**Work required**
Without changing a word, repeat the data, and include no pictures.

**Data**
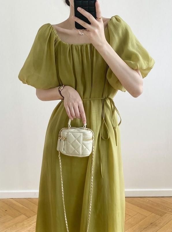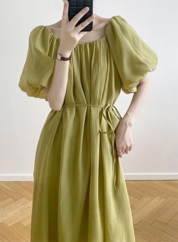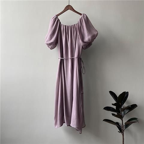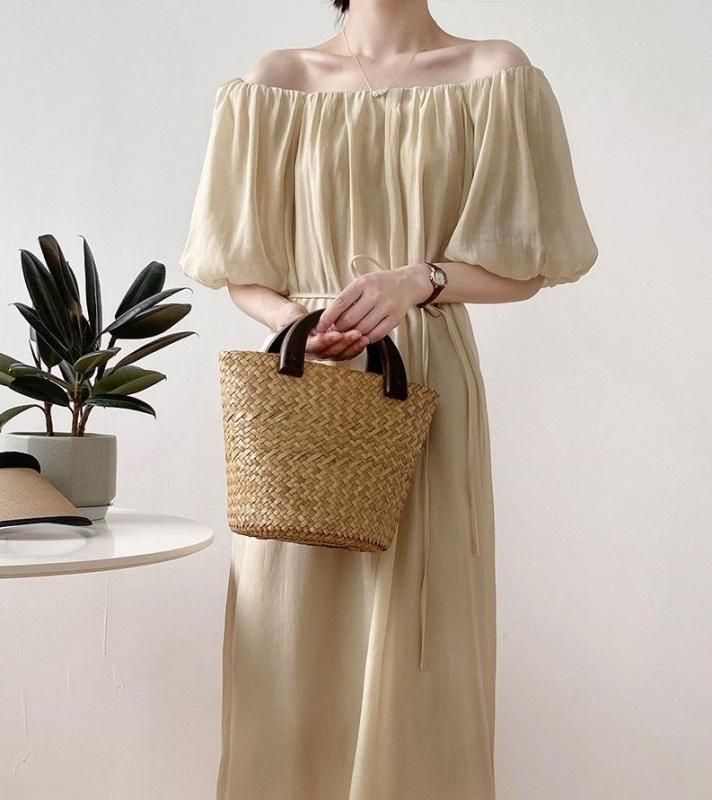 オフショルダーでフェミニンに ふんわりギャザーのロング丈袖あり2wayワンピース 3色
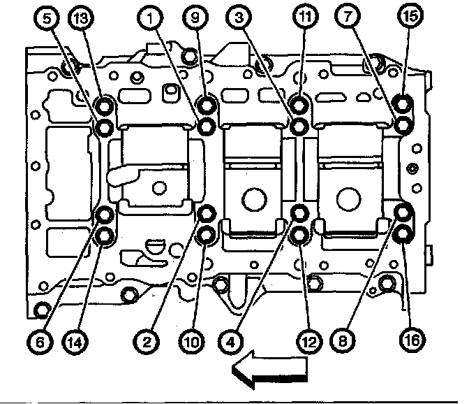 12. Tighten the lower crankcase bolts (1 through 16) in proper sequence.
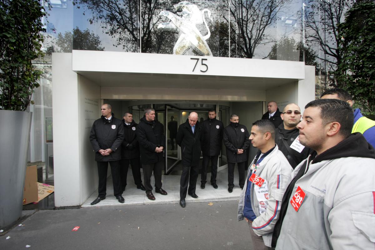 vigiles gardant le siège de PSA
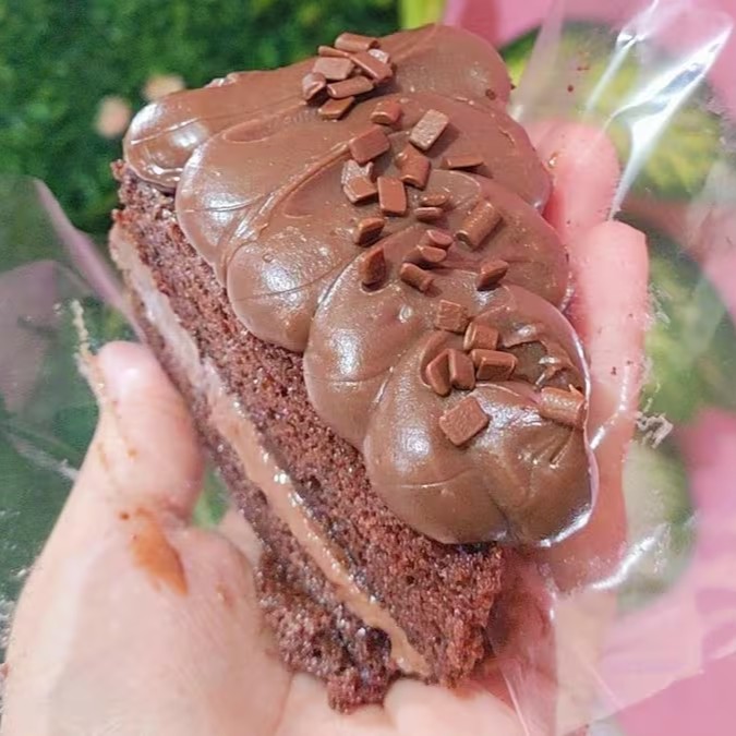 Fatia de bolo bem chocolatuda, recheada e finalizada com muito creme de chocolate. Para completar, recebe uma camada generosa de granulé belga para um sabor mais intenso e sofisticado.
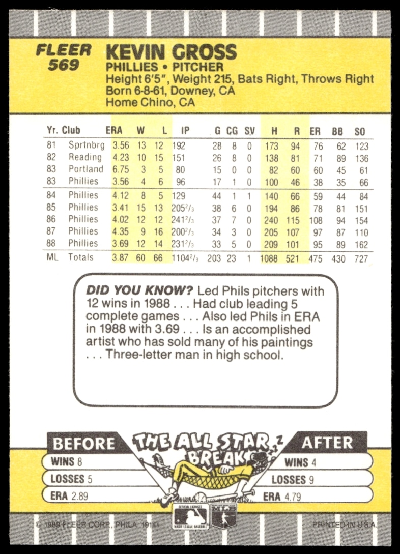 This Baseball card, from 1989 is part of the Fleer card set. Kevin Gross is featured and has a card number of 569.
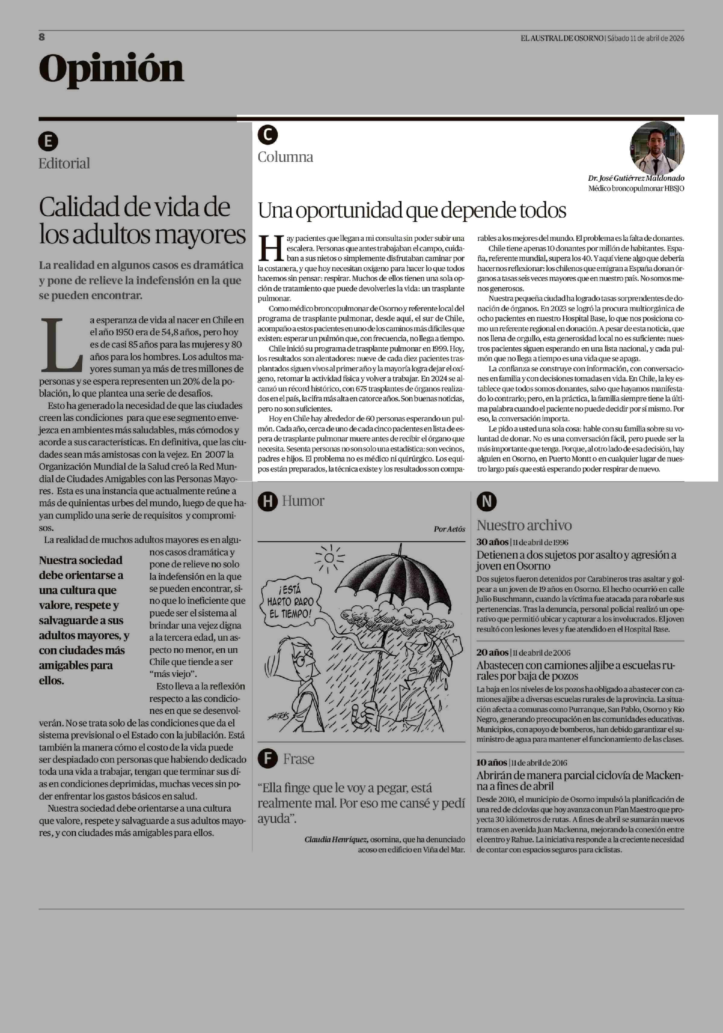 Fecha: 11-04-2026 Sector: Columnas de Opinión Región: Región de Los Lagos
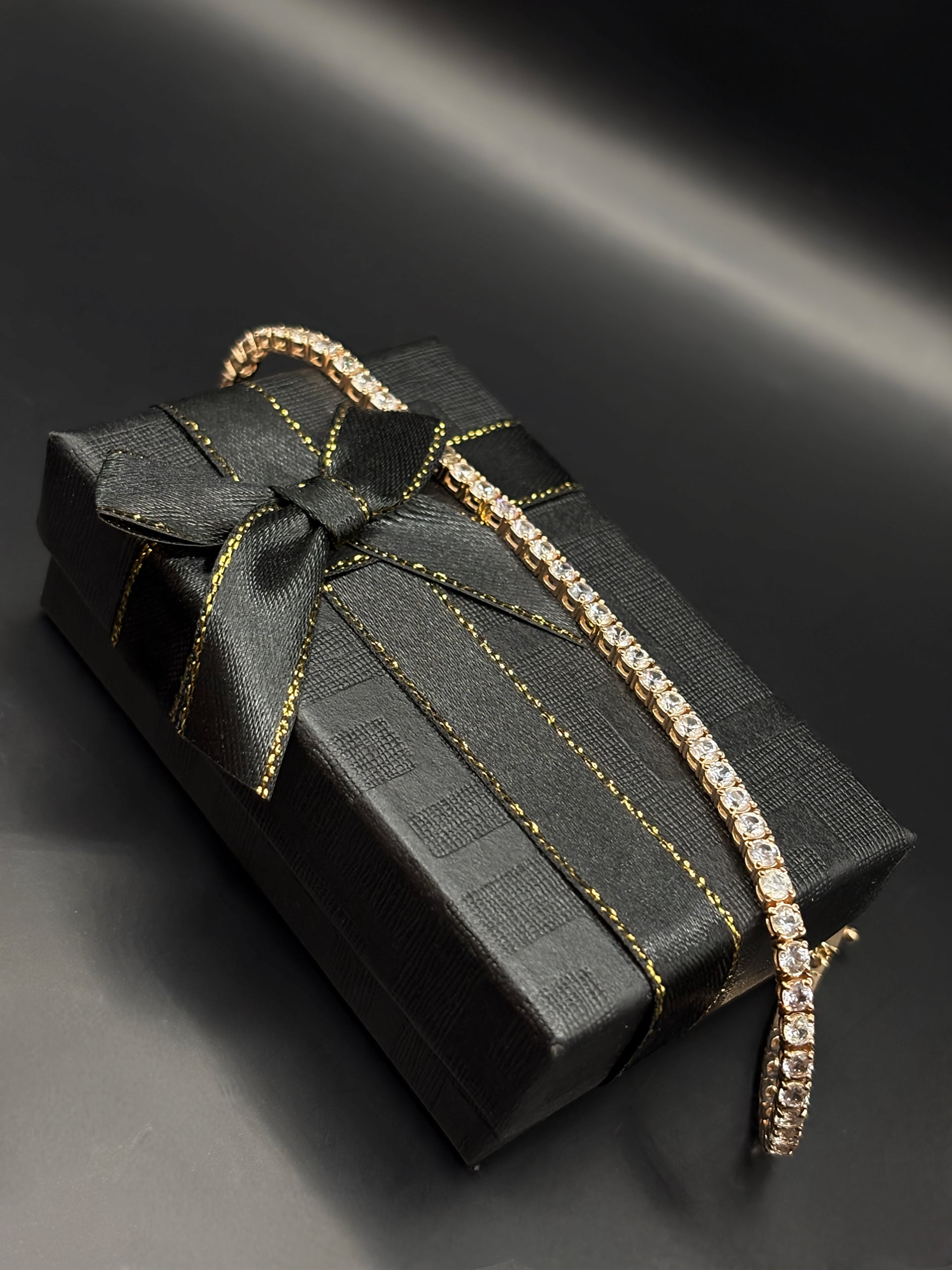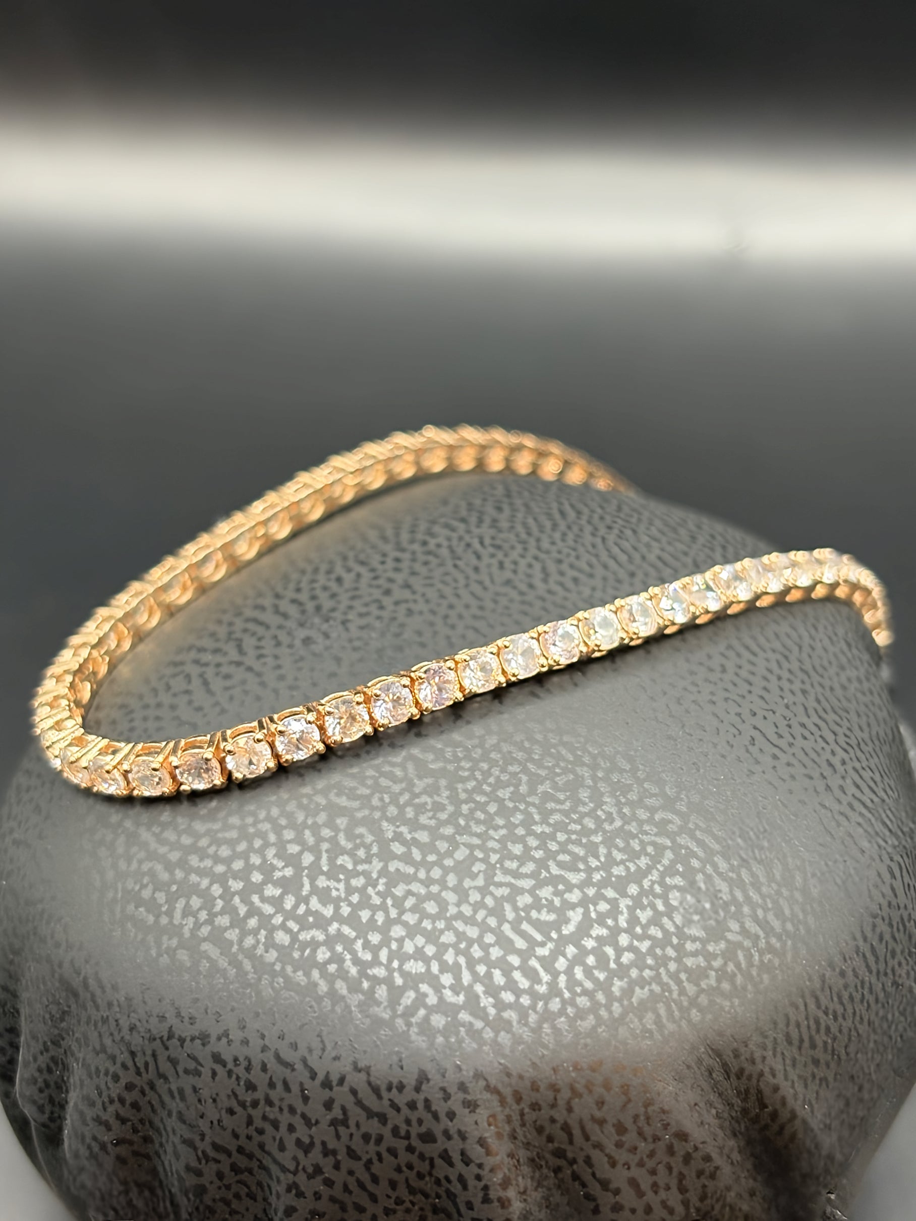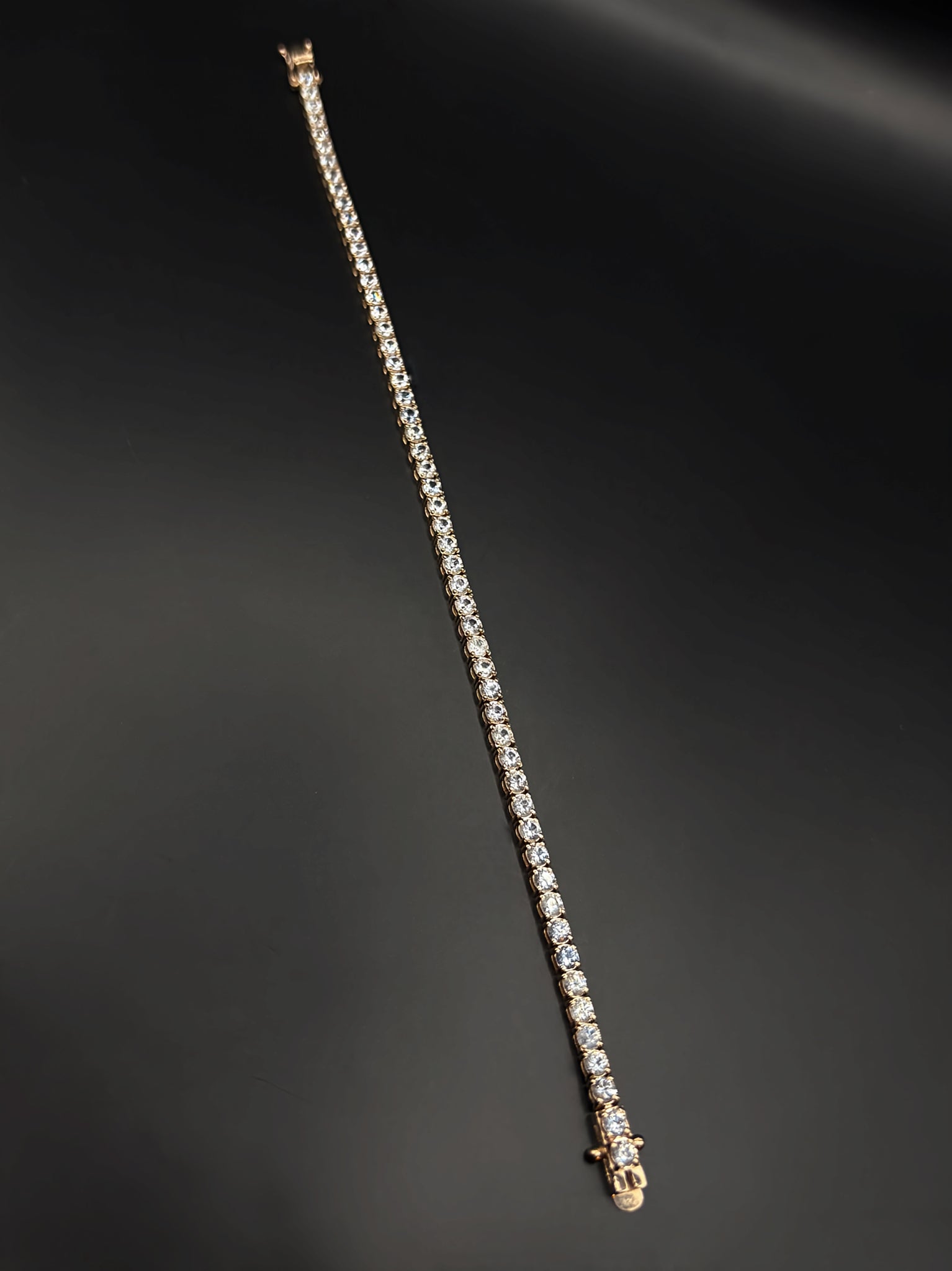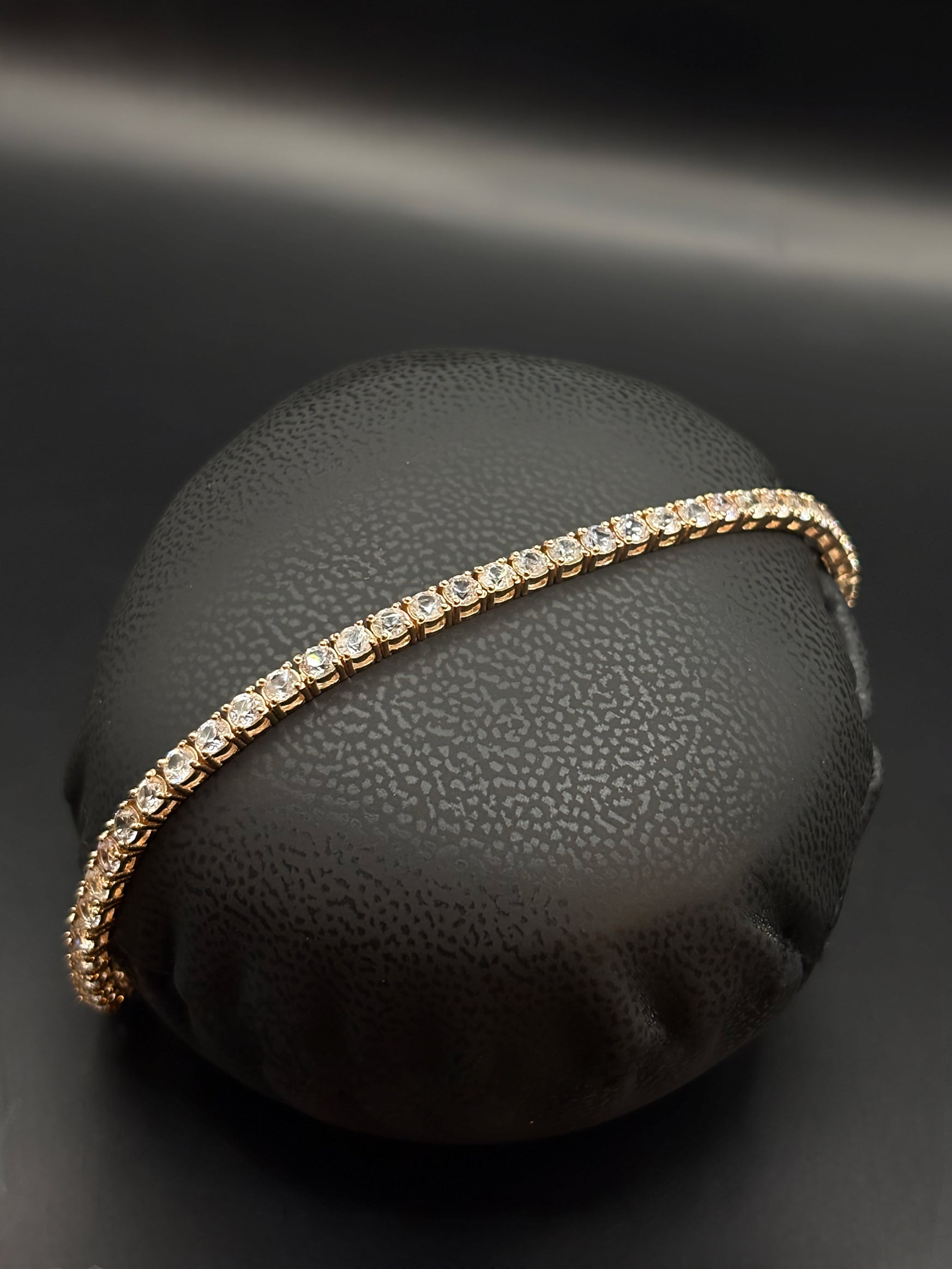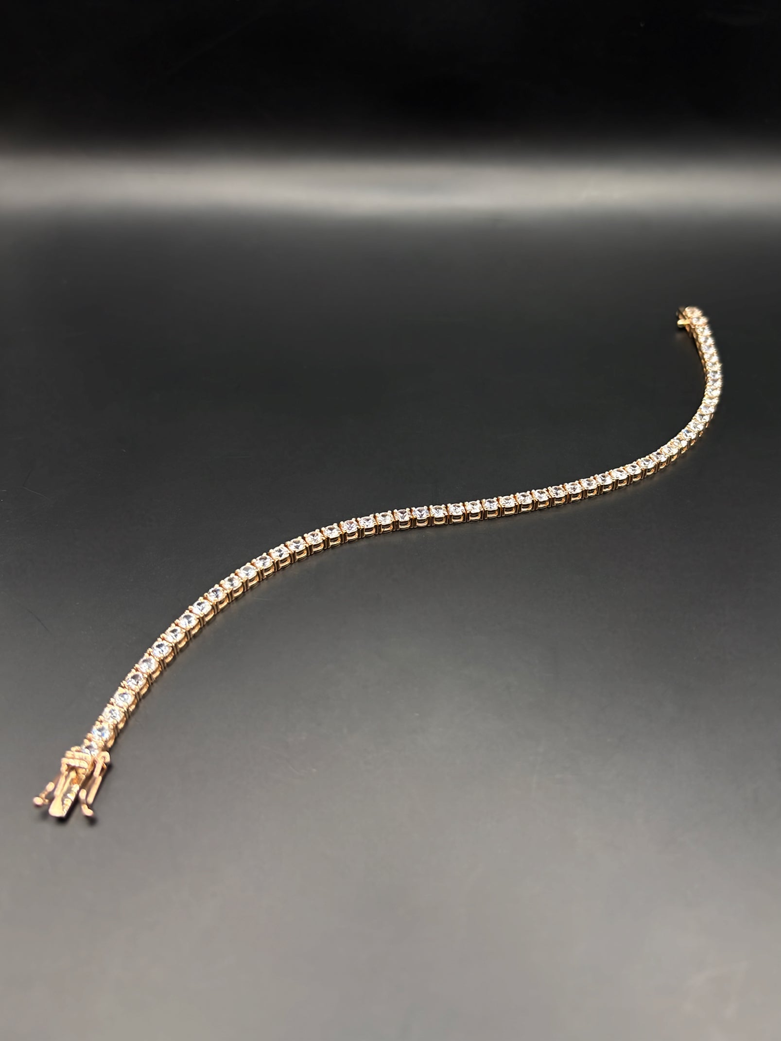 The soft blush of rose gold meets the brilliant sparkle of white sapphires, creating a striking contrast that radiates elegance and warmth. Handcrafted to perfection, this tennis bracelet showcases round white sapphires, each 2.75 mm stone expertly set to form an unbroken ribbon of light. Lightweight yet substantial, it offers exceptional comfort for daily wear while maintaining the sophistication of a true heirloom piece. Whether worn alone for subtle glamour or layered for a modern look, this bracelet embodies timeless beauty and refined style.

**Solution for this problem**
 オフショルダーでフェミニンに ふんわりギャザーのロング丈袖あり2wayワンピース 3色
 12. Tighten the lower crankcase bolts (1 through 16) in proper sequence.
 vigiles gardant le siège de PSA
 Fatia de bolo bem chocolatuda, recheada e finalizada com muito creme de chocolate. Para completar, recebe uma camada generosa de granulé belga para um sabor mais intenso e sofisticado.
 This Baseball card, from 1989 is part of the Fleer card set. Kevin Gross is featured and has a card number of 569.
 Fecha: 11-04-2026 Sector: Columnas de Opinión Región: Región de Los Lagos
 The soft blush of rose gold meets the brilliant sparkle of white sapphires, creating a striking contrast that radiates elegance and warmth. Handcrafted to perfection, this tennis bracelet showcases round white sapphires, each 2.75 mm stone expertly set to form an unbroken ribbon of light. Lightweight yet substantial, it offers exceptional comfort for daily wear while maintaining the sophistication of a true heirloom piece. Whether worn alone for subtle glamour or layered for a modern look, this bracelet embodies timeless beauty and refined style.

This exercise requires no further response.